Research output: Contribution to journalArticlepeer-review

48 Scopus citations

Abstract

Cell surface receptors play major roles in the mobilization and homing of progenitor cells from the bone marrow to peripheral tissues. CXCR4 is an important receptor that regulates homing of leucocytes and endothelial progenitors in response to the chemokine stromal cell-derived factor-1 (SDF-1).
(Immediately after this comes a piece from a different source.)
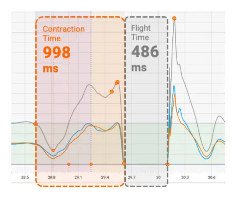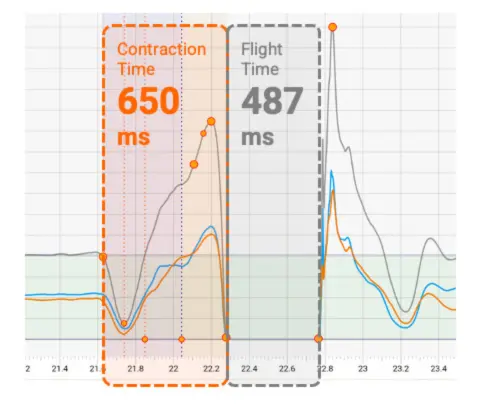 The jump and the phases therein are automatically detected by the software, and all metrics relevant to the jump are calculated instantaneously. For a CMJ, the contraction time begins as soon as movement is initiated and ends at the point of take-off. RSI-modified is the relationship between contraction time and jump height.

Ionic calcium is also known to regulate chemotaxis of selective bone marrow cells (BMCs) through the calcium-sensing receptor, CaR. Here we show that calcium regulates CXCR4 expression and BMC responses to SDF-1. CaCl 2 treatment of BMC induced a time- and dose-dependent increase in both the transcription and cell surface expression of CXCR4. BMC subpopulations expressing VEGFR2 +, CD34 + and cKit +/Sca-1 + were especially sensitive to calcium. The effects were blocked by calcium influx inhibitors, anti-CaR antibody and the protein synthesis inhibitor cycloheximide, but not by the CXCR4 antagonist AMD3100. Calcium treatment also enhanced SDF-1-mediated CXCR4 internalization. These changes were reflected in significantly improved chemotaxis by SDF-1, which was abolished by AMD3100 and by antibody against CXCR4. Calcium pre-treatment improved homing of CD34 + BMCs to ischemic muscle in vivo, and enhanced revascularization in ischemic mouse hindlimbs. Our results identify calcium as a positive regulator of CXCR4 expression that promotes stem cell mobilization, homing and therapy.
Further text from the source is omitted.